Certains disent que l'on doit se faire un devoir d'affronter ses peurs ; pour moi il va de soi que j'étais tout simplement incapable de ramener mon corps à l'endroit de son traumatisme. J'avais manqué tellement d'années en trébuchant sur le pied de cet arbre roi qui me narguait de sa hauteur impériale. Cet amas de caillasses et de coquillages n'était à ses yeux qu'une prison sur mesure pour me retenir. Après tout, maman m'avait bien dit qu'à part dans la Bible, personne ne pouvait marcher sur l'eau. Pourtant Nahash m'avait forcé par sa perfidie à en faire l'expérience par moi-même. Expérience dont la jointure reliant mon pied à mon mollet se serait volontiers passée. De même pour mes poumons dont les torrents avaient pris possession. Et je ne parlerai pas de mon épine dorsale persécutée par les dents affamées de la falaise.

    Brouillard sur les flots, l'horizon avale goulûment les quelques rayons de l'astre solaire qui me permettaient encore quelques traits hasardeux. De là où je suis, je ne peux qu'observer le paradis feuillu dont les habitants ont jugé bon de me précipiter sur Terre. Représentant d'Adam à leurs yeux de nœuds charnus, il avait dû leur sembler justice de me punir d'une faute que l'ancêtre de ma race avait accompli. Innocemment je me surpris à me réprimander de ne pas avoir compté les jours depuis mon arrivée dans ma prison. Les feuilles de mon carnet semblaient se renouveler à l'infini, détruisant mes anciens croquis pour les remplacer par l'immaculée des nouveaux supports. Le temps semble bien long lorsqu'une activité unique s'offre à nous. Du haut de mes quelques printemps trop peu nombreux pour m'être un jour entendu qualifier « d'homme », j'observais la lumière décliner sur les divinités railleuses qui se complaisaient dans mon impuissance. La chaleur volée de mon sang figée dans mes veines que même le soleil ne semblait pouvoir réactiver avait dû trouver sa place au sein d'un de ses corps végétal qui n'auraient pas dû m'enlever loin des miens.

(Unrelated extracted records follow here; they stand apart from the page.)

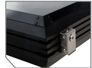
LOW PROFILE DESIGN ONLY 8 INCHES TALL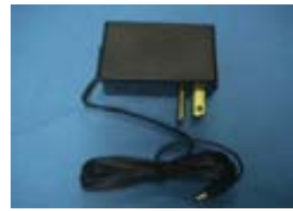
G – Battery Charger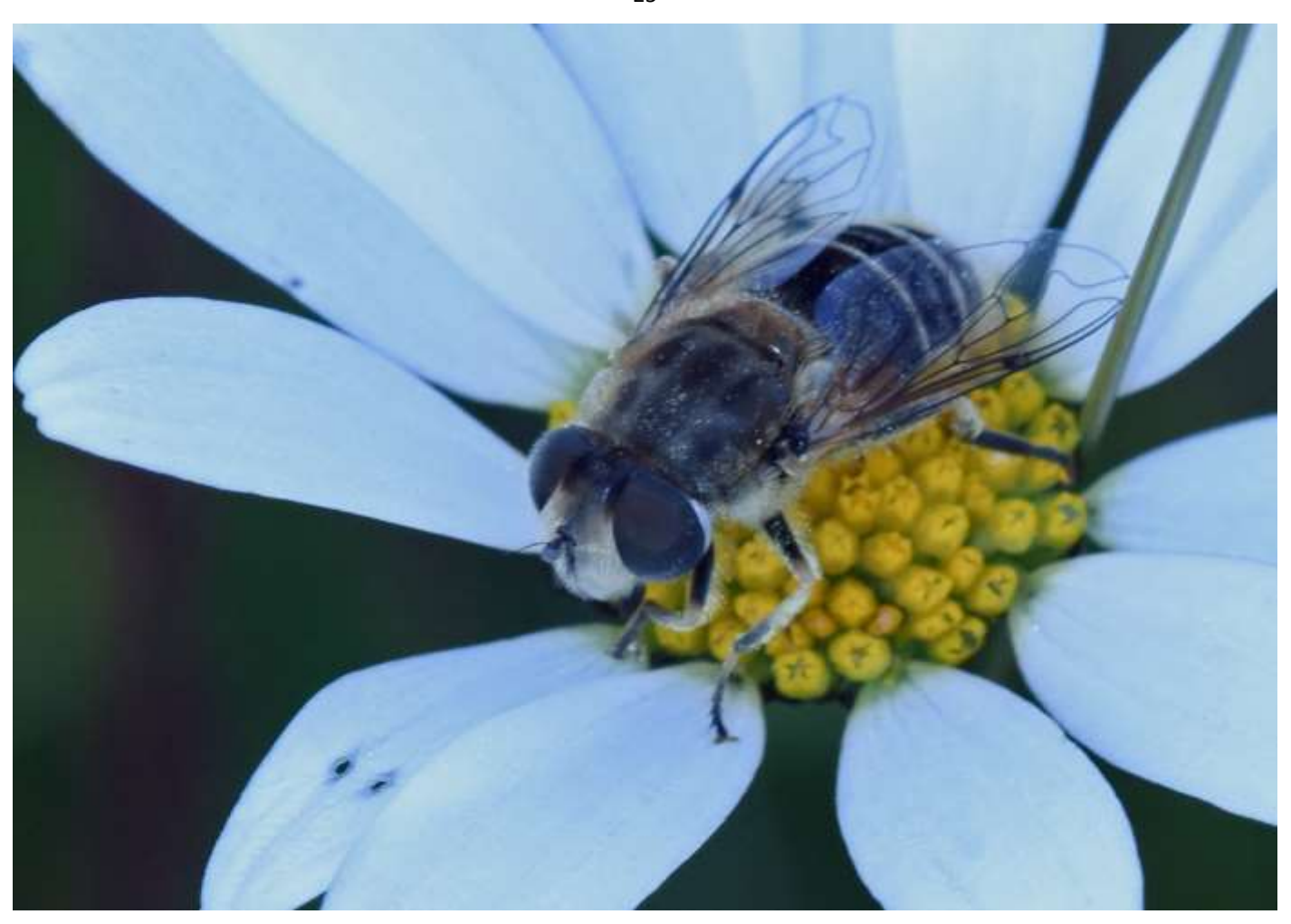
Eurasian drone fly Eristalis arbustorum

A widespread drone fly. This is a female.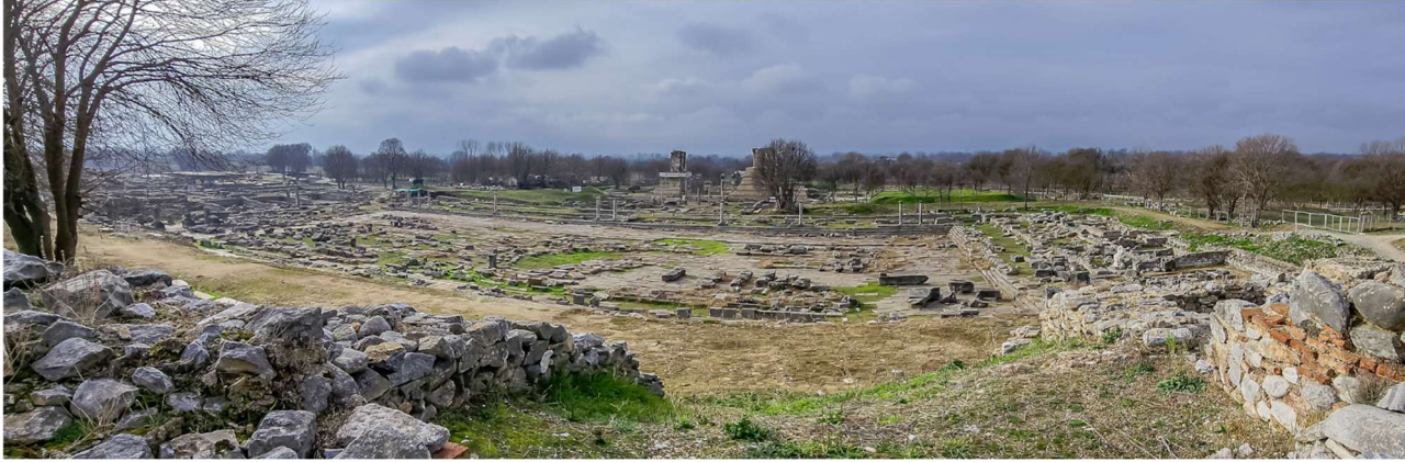
Philippi: View of Roman forum and bema (center) and Roman basilica (right) with Christian Basilica B in the distance

time to tour this amazing site (including the traditional prison of Paul and Silas) before we continue on to the Lydia Baptistry site. (Acts 16.11-40) Here we will have the opportunity to reaffirm our own baptisms. (~12 miles) The bus will pick us up and bring us back to the hotel in Kavala for dinner and overnight.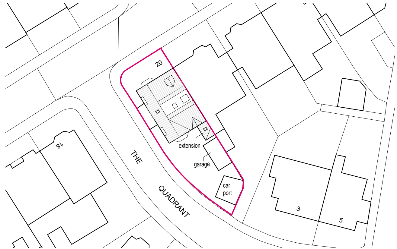
2 EXISTING BLOCK PLAN (10)01 1:500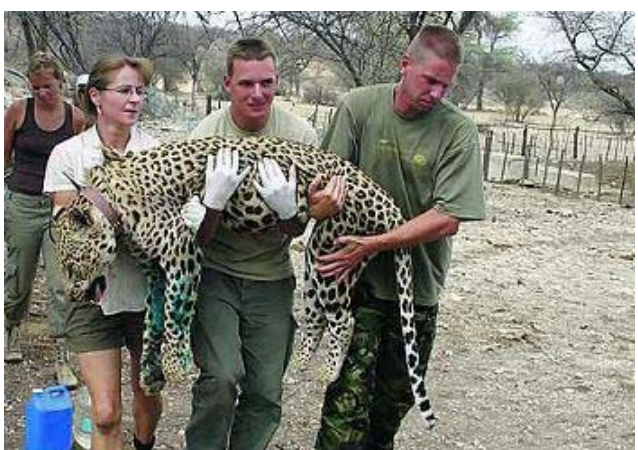
Leopard in blissful ignorance that he is about to hit the headlines.

Our first significant success came when the neighbouring farmer called with reports of two freshly killed oryx on his property. Since leopards often return to their kills to eat again, one of the box traps was immediately moved to the location. Result: one large male leopard in the trap the next morning (a first for Biosphere Expeditions and front page news on the Namibian 'Allgemeine Zeitung' newspaper). The animal being in a good, healthy condition, he was a prime specimen for the darting and immobilisation procedure and thus had the privilege of becoming the first radio-collared leopard in the area. The telemetry teams soon found out that he hung out mainly in a small range of rocky outcrops jutting up out of the savannah to the east of the farm.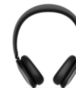
ThinkPad Dual-Mode Wireless ANC Foldable Headset 8550 (Aura Edition) - USB-A,... 4XD1V23301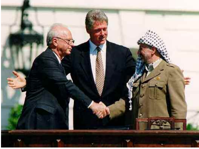
Yitzhak Rabin and Yasser Arafat shake hands in front of Bill Clinton in the White House in 1993

peace, these agreements in fact failed to adequately address the demands of the Palestinian people who had sacrificed so much for their freedom, not least during the Intifada.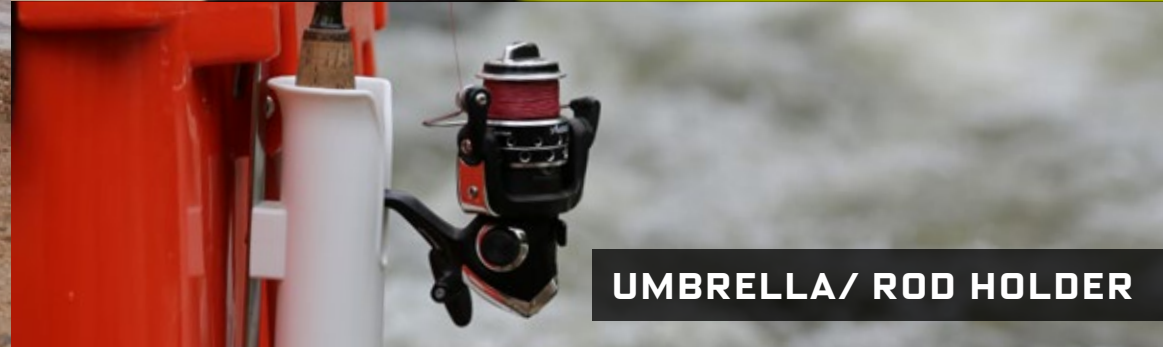
UMBRELLA/ ROD HOLDER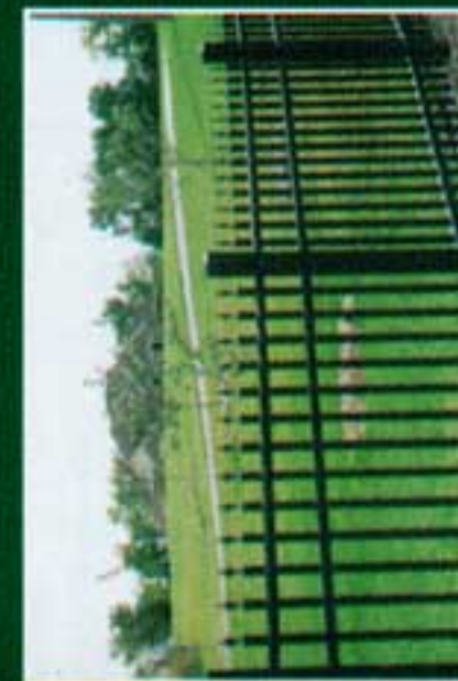
UAS-100 Spear Top, 48" High with Tri-Finials & 3" Posts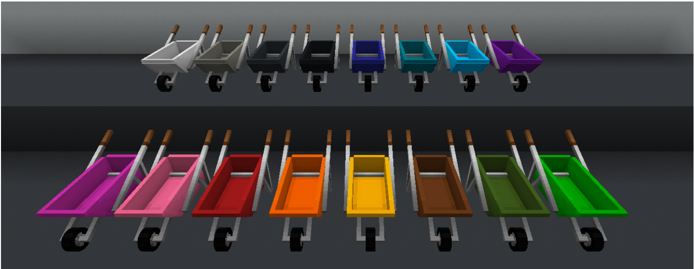
Shown: All 16 color variants of wheelbarrows.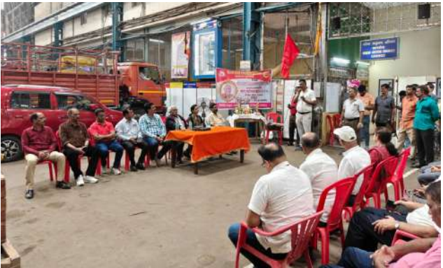
Krida Mahotsav organized by Carshed Branch-Mumbai Central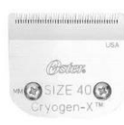
Size 40 刈高 0.25mm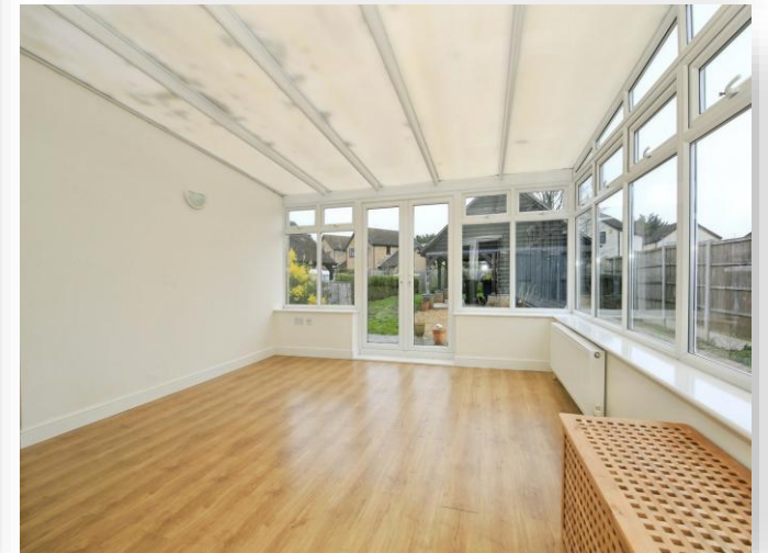
Ashbeach Drove, Ramsey Huntingdon PE26 2TG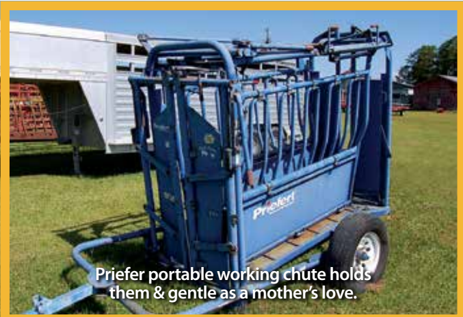
Priefert portable working chute holds them & gentle as a mother's love.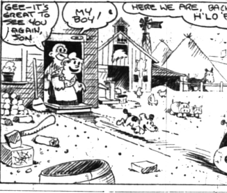
HERE WE ARE, OAK HOME ON THE FARM! MY BOY!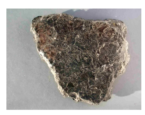
Mica, showing platy cleavage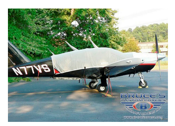
Socata TB20 Canopy Cover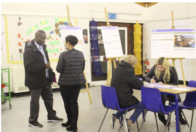
Drop in information session

This newsletter provides an update about the final outcomes of the survey and the next steps of the City Corporation.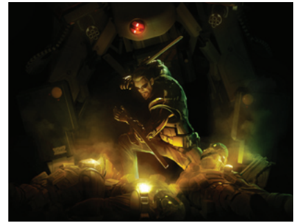
Deus Ex: Human Revolution™.

An ideal companion to Maya or 3ds Max, Softimage is a high-performance 3D application that enables artists to use intuitive, non-destructive workflows to create stunning character animation, procedural models, and effects. Softimage extends a Maya or 3ds Max pipeline with unique tools and workflows, such as the ICE (Interactive Creative Environment) platform and the Autodesk® Face Robot® toolset. With its multi-threaded GigaCore architecture, artists can use Softimage to render objects with billions of subdivision surface polygons, and manipulate extremely complex characters and scenes involving millions of polygons and thousands of animated objects.

    Mon attention lourde de lassitude se posa sur la ligne d'eau qui m'arrivait désormais aux mollets mais dont mes nerfs désactivés n'avaient pas jugé bon de m'avertir de la présence. L'encre déposée sur mon carnet commençait à s'effacer dans le sens inverse du tracé de mes doigts, abîmant mon cycle temporel dans une énième récidive que je ne désirais pas tandis que ma peau cireuse se refusait de frissonner au contact du vent. Une fois de plus, l'aurore ne serait qu'un éternel recommencement.